Turtle Beach
- Author: Blanche d'Alpuget
- Language: English
- Genre: Fiction
- Publisher: Penguin
- Publication date: 1981
- Publication place: Australia
- Media type: Print
- Pages: 286 pp.
- ISBN: 0140057846
- Preceded by: Monkeys in the Dark
- Followed by: Robert J. Hawke : A Biography

= Turtle Beach (novel) =

1981 novel by Australian writer Blanche d'Alpuget

Turtle Beach (1981) is a novel by Australian writer Blanche d'Alpuget. It was originally published by Penguin in Australia in 1981.

==Synopsis==
Set in 1979 the novel follows an Australian journalist who is covering the arrival in Malaysia of ethnic Chinese fleeing oppression in post-war Vietnam.

==Critical reception==

Writing in The Canberra Times, Alison Broinowski noted: "The Australian pilgrimage into Asia is what both of Blanche d'Alpuget's novels are about. In Turtle Beach, however, she goes further, into an exploration of the personality of individual Asians as well.

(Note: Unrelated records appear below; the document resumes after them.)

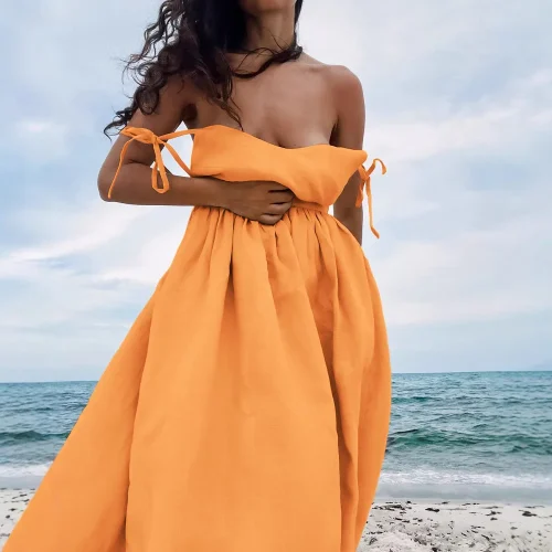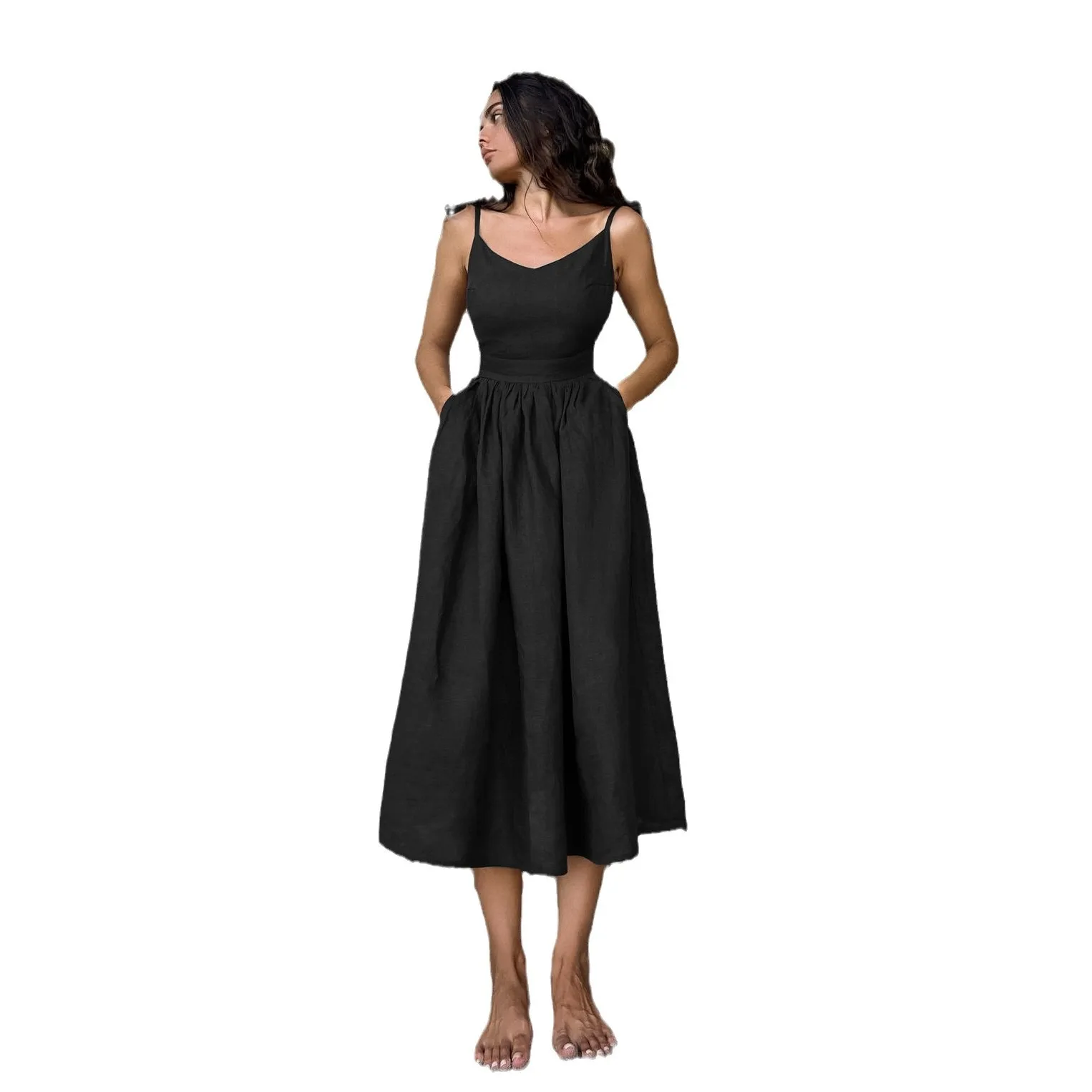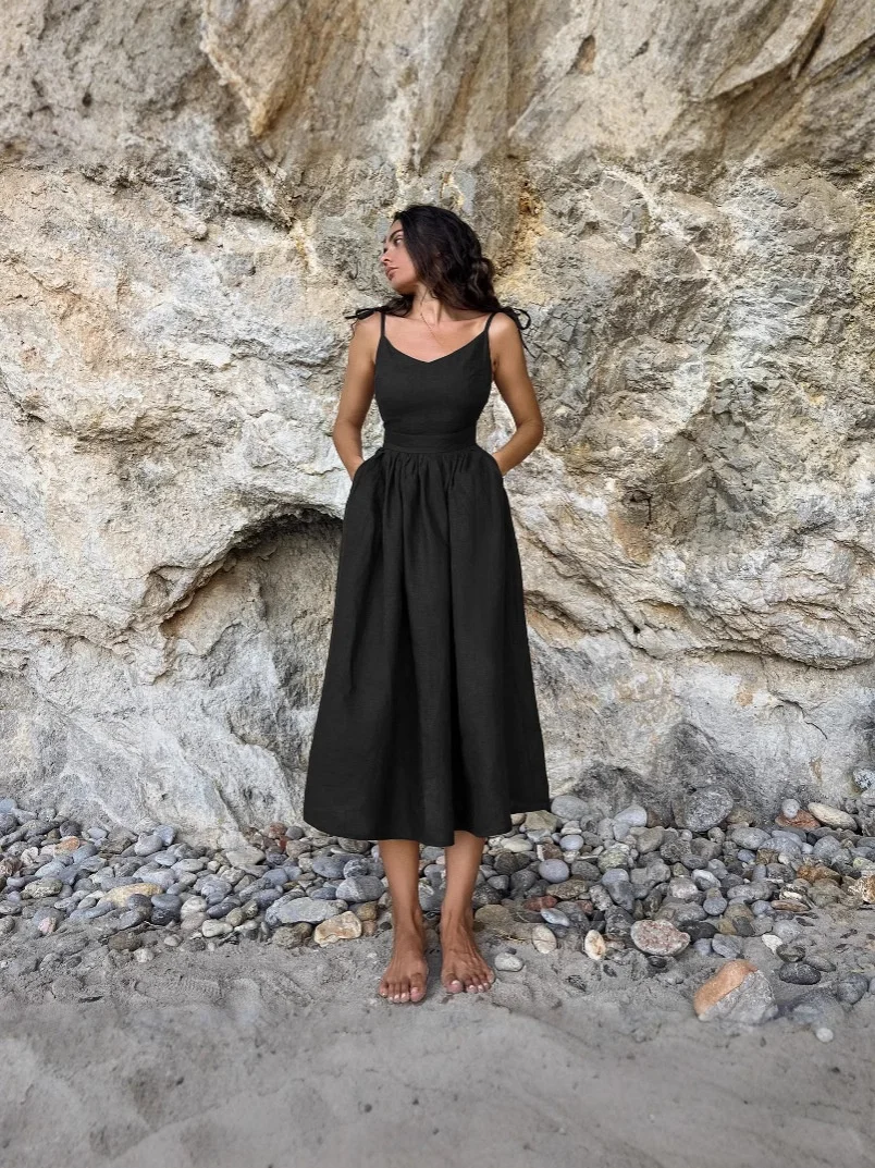 Product Name: 2025 European American Spring New Vacation Style High Waist Dress for Women French Style Khaki Cotton Linen Solid Lace
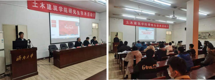 院长张庆松老师做学术报告。开幕式分三个环节进行:首先,杨院长宣布开幕式开始,并对到来的领导和专家进行介绍;随后,谢院长对本次活动致辞,提出学术活动月从2014年开始至今已举办多次,从活动之中看到了学生对于学术积极的态度以及学生在各个方面的创新,并提出几点建议:“第一,创新是每个研究生应该具备的能力,只有不断创新才能取得有效的成果。第二,探索是发挥个人所具备能力的一种方式,只有拥有不断探索的精神才能发现问题、解决问题。第三,新的灵感,只有不断查阅文献才能获得新的灵感。”最后,由张院长做学术报告。
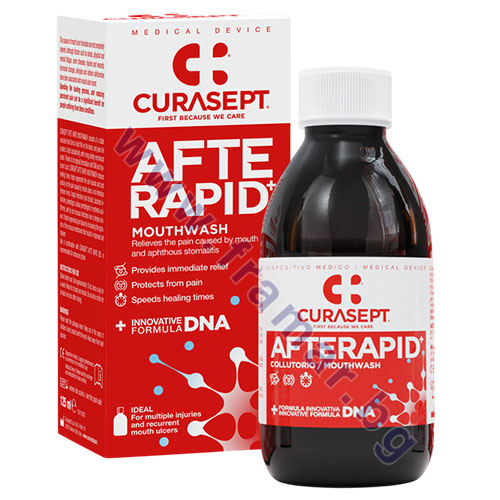 Curasept AFTE Rapid+ вода за уста с иновативна формула с хиалуронова киселина и растителни екстракти. Облекчава болката и подпомага бързото възстановяване при афти, вирусни и гъбични инфекции, херпес, бактериални възпаления, автоимунни лезии като пемфигус, булозен пемфигоид и еритема мултиформе. Подходяща при множество лезии и хронични възпаления.
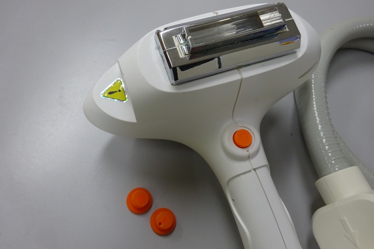 業務用脱毛機ライエンスⅡのハンドピースをランプ交換にお預かり致しました。
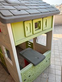Casetta per bambini Smoby, doppio ingresso davanti e retro,tavolino interno con panchette, campanello.
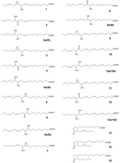 The structural formulae of products of recombinant CYP440A18 enzyme incubations with different substrates: 1, 11-hydroxy-12,13-epoxy-9,15-octadecadienoic acid; 2, (9Z,15Z)-12-oxo-13-hydroxy-9,15-octadecadienoic acid (α-ketol); 2a/2b, threo/erythro 12,13-diols (12,13-dihydroxy-9,15-octadecadienoic acid); 3, 11-hydroxy-12,13-epoxy-9-octadecenoic acid; 4, (9Z)-12-oxo-13-hydroxy-9-octadecenoic acid (α-ketol); 4a/4b, threo/erythro 12,13-diols (12,13-dihydroxy-9-octadecenoic acid); 5, 9,10-epoxy-11-hydroxy-12,15-octadecadienoic acid; 6, (12Z,15Z)-9-hydroxy-10-oxo-12,15-octadecadienoic acid (α-ketol); 6a/6b, threo/erythro 9,10-diols (9,10-dihydroxy-12,15-octadecadienoic acid); 7, 9,10-epoxy-11-hydroxy-12-octadecenoic acid; 8, (12Z)-9-hydroxy-10-oxo-12-octadecenoic acid (α-ketol); 8a/8b, threo/erythro 9,10-diols (9,10-dihydroxy-12-octadecenoic acid); 9, 13-hydroxy-14,15-epoxy-5,8,11,17-eicosatetraenoic acid; 10, 14-oxo-15-hydroxy-5,8,11,17-eicosatetraenoic acid (α-ketol); 10a/10b, threo/erythro 14,15-diols (14,15-dihydroxy-5,8,11,17-eicosatetraenoic acid); 11, 13-hydroxy-14,15-epoxy-5,8,11-eicosatrienoic acid; 12, 14-oxo-15-hydroxy-5,8,11-eicosatrienoic acid (α-ketol); 12a/12b, threo/erythro 14,15-diols (14,15-dihydroxy-5,8,11-eicosatrienoic acid); 13, cis-12-oxo-10,15-phytodienoic acid; 14, dihomo-cis-12-oxo-3,6,10,15-phytodienoic acid; 15, dihomo-12-oxophytonoic acid.
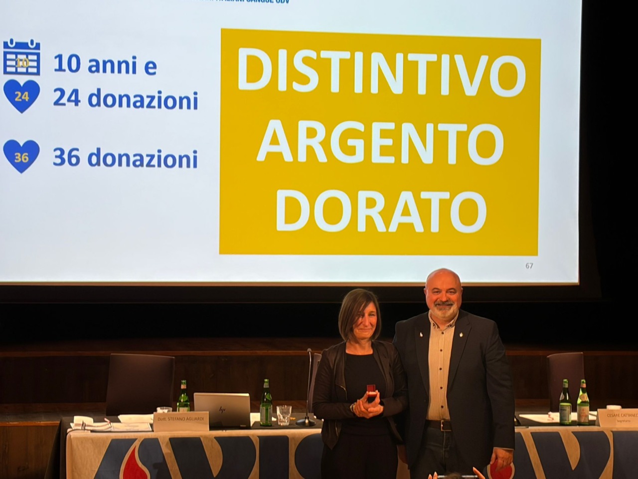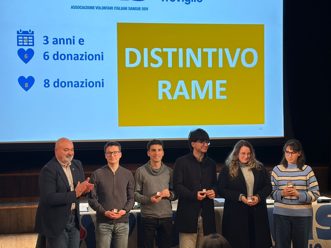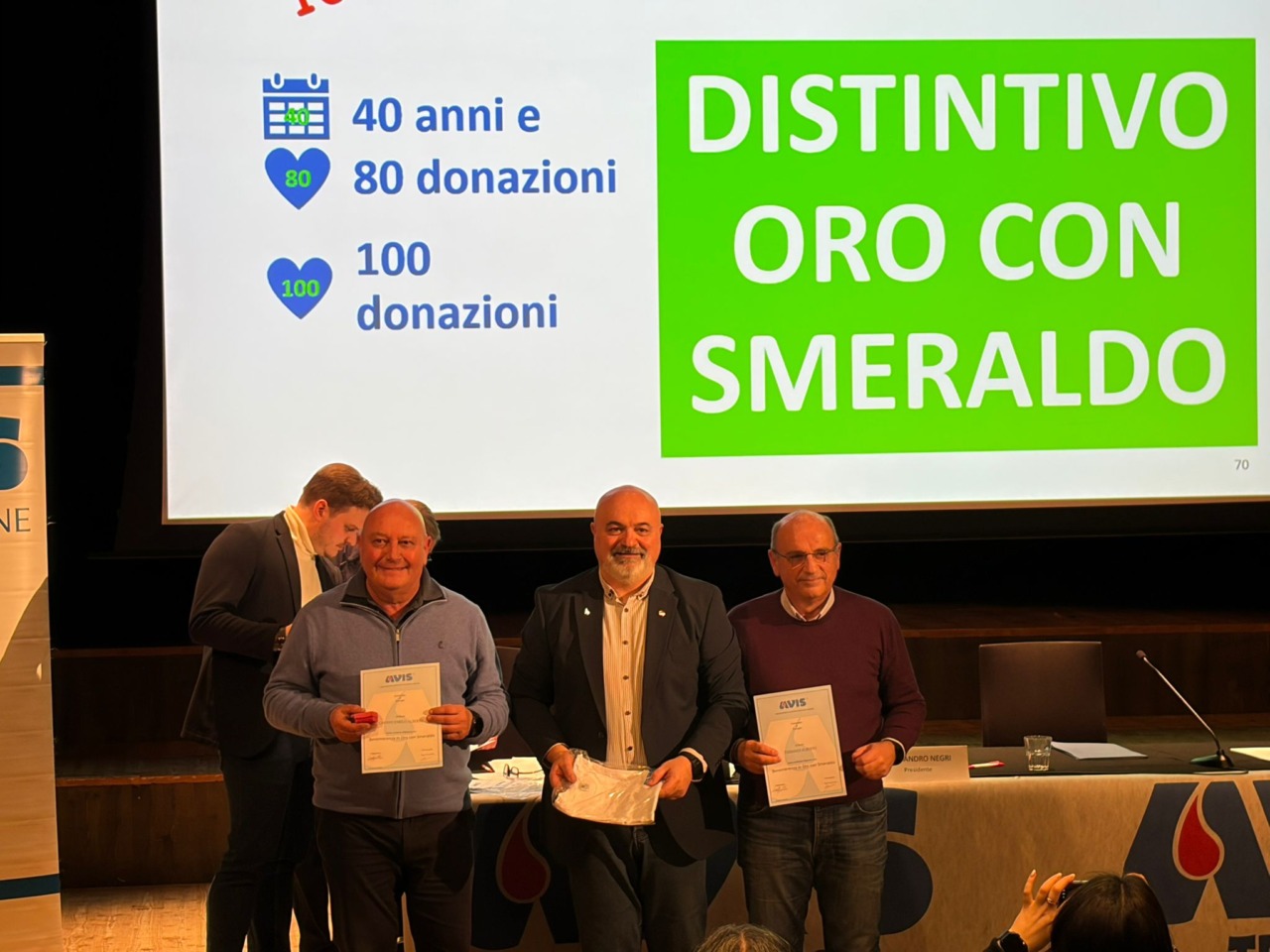 La seconda parte della serata è stata dedicata alle premiazioni, momento particolarmente sentito perché celebra chi ha fatto della donazione un impegno costante nel tempo. Per il distintivo in rame, riservato a chi ha raggiunto tre anni e sei donazioni oppure otto donazioni, sono stati premiati Erika Asperti, Laura Bessocchi, Riccardo Callari e Lucrezia Mantegazza. Per il distintivo in argento, cinque anni e dodici donazioni oppure sedici donazioni, sono stati chiamati Raffaello Mazzoleni ed Eliano Betti. Il distintivo in argento dorato, dieci anni e ventiquattro oppure trentasei donazioni, è stato consegnato a Laura Rota. Per il distintivo in oro, venti anni e quaranta oppure cinquanta donazioni, sono stati premiati Emanuele Renzi, Lorenzo Bassi, Irina Ciocca e Renato Gatti. Con il distintivo in oro rubino, trent’anni e sessanta oppure settantacinque donazioni, sono saliti sul palco Davide Bertocchi e Carlo Franco. Il distintivo in oro smeraldo, quaranta anni e ottanta oppure cento donazioni, è stato consegnato a Enrico Caspani. Infine il distintivo in oro con diamante, riservato a chi ha raggiunto le centoventi donazioni, un traguardo che racconta una vita di generosità, è andato a Domenico Bosco.
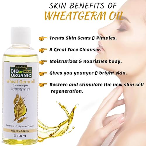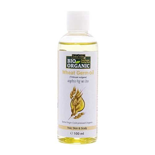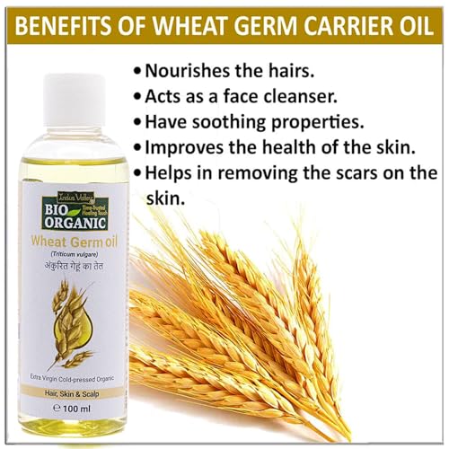 INDUS VALLEY BIO ORGANIC Cold Pressed Wheat germs Carrier Oil - 100% Pure and Natural- Suitable for All Skin Types Pure Oil Use for Hair Care Skin Care (100ml) With INDUS VALLEY BIO ORGANIC Cold Pressed Wheat Germ Carrier Oil your ideal beauty partner you can truly experience the essence of nature. This is Pure and Natural oil is extracted using a rigorous cold-press method that preserves all of the nutritional advantages of wheat germ guaranteeing unmatched quality and efficacy. This multifunctional marvel which is made to suit all skin types is an effective supplement for skin and hair care routines. It deeply hydrates revitalizes and renews your skin leaving it soft luminous and youthful. It is enhanced with vitamins minerals and antioxidants. Savor the nourishing qualities of this pure oil for hair that radiates health and energy. In addition to calming and preventing dryness and dandruff nourish your hair from the inside out giving it strength gloss and manageability.
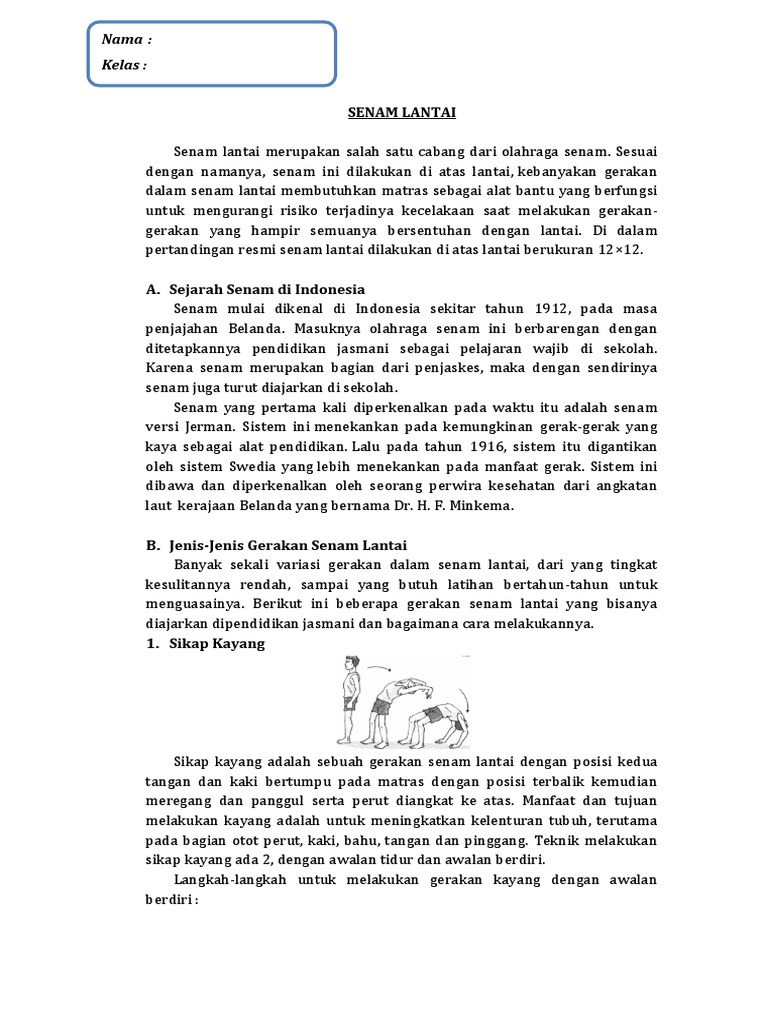 Berikut cara melakukan kayang dengan bantuan dinding: Pengertian kayang dan cara melakukannya. Cara melakukan kayang dari sikap berdiri: Untuk bisa melakukan gerakan kayang perlu kelenturan otot pinggan dan juga proses ini bisa dilatih dengan berbagai cara agar anda bisa melakukan gerakan. Jenis senam lantai menggunakan alat.

Her Indian academic Kanan and her French-Vietnamese Minou are developed in more depth than most of her Australians. The clashes of culture are more effective because she gives both sides."

==Publication history==
After its original publication in 1981 in Australia by publisher Penguin the novel was later published as follows:

- Simon and Schuster, USA, 1981
- Penguin, Australia, 1991

The novel was also translated into French in 1983, and Japanese in 1992.

==Awards==

- Turtle Beach won The Age Book of the Year Award for Imaginative Writing in 1981

==Film adaptation==

The novel was adapted as a feature film of the same name in 1992 featuring Greta Scacchi and Jack Thompson. The film was directed by Stephen Wallace from a screenplay by Ann Turner.